# What happens to Fido when you break down in France?



## KeithChesterfield (Mar 12, 2010)

This question was asked on Tripadvisor and I wondered if anyone had broken down when abroad and had to be brought back by recovery services - 

'Has anyone had any experience of driving with dogs in France for holidays?

We've done this before and are due to spend a couple of weeks again shortly, but it has occurred to me that our European vehicle breakdown cover does not cover dogs, i.e. in the event our car breaks down and can't be fixed, humans will be brought back to UK if necessary, but technically the dogs would not. Dogs are also insured for health issues with a UK insurance company but once again it does not seem to cover the possibility of getting our dogs back.'


Any thoughts or experiences of this?


----------



## javea (Jun 8, 2007)

This was posted on another forum but I have not checked with ADAC.

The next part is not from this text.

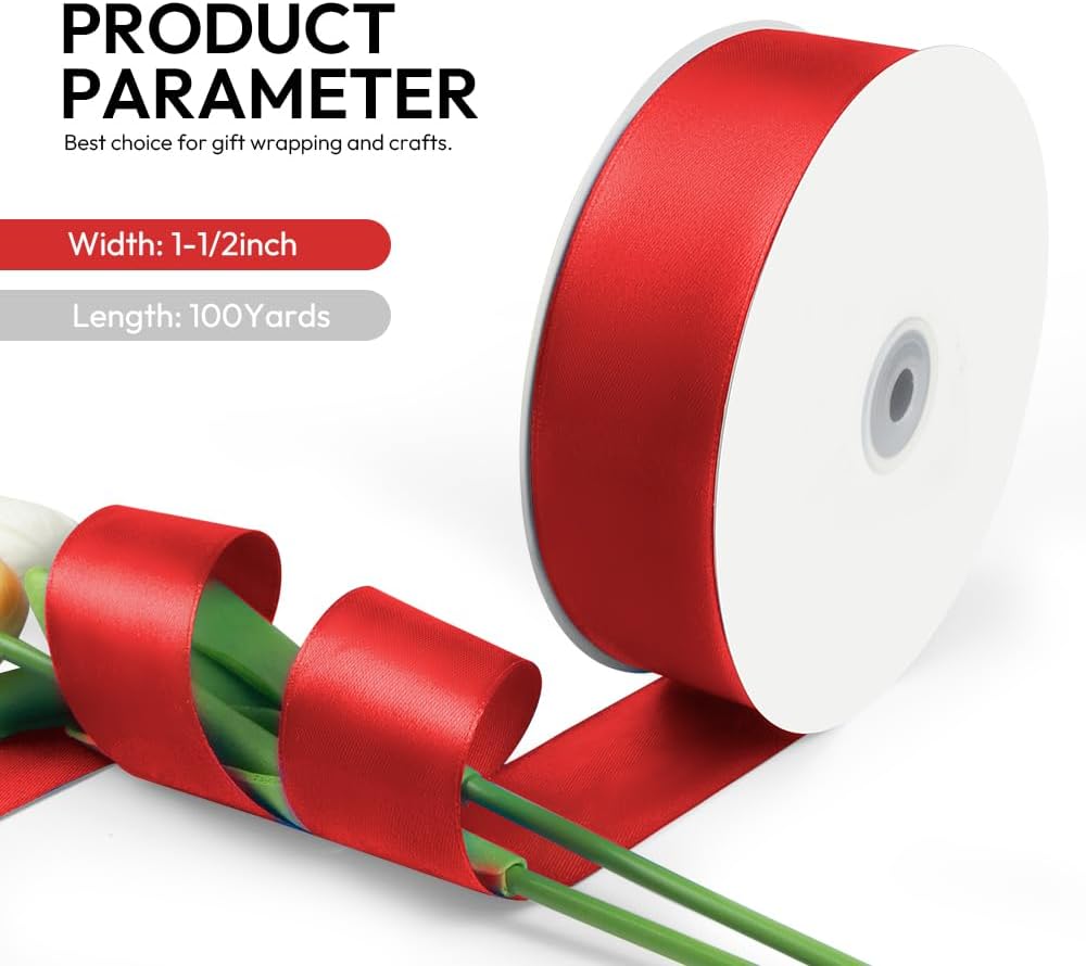 - 【Ribbon Dimensions】: Each satin ribbon spool is 1.5 inch width with total length is 100 yards, which has enough amount for your daily need. The gift wrapping ribbon can be easily stored and the spool is space-saving.

I had a caravanner contact me last week he had 3 dogs and when he checked cover for dogs he could only get cover to European port and from the UK port to home. Nothing for getting 3 dogs across the channel. He asked ADAC and they said they would cover the whole way for all three dogs, him and his wife including The Channel Crossing.. 

Mike


----------



## 91502 (May 1, 2005)

Hi
When my parents broke down n France they were given a hire car ( had to swap it at Calais ) and thevMH arrived 10 days later on a recovery truck.
James


----------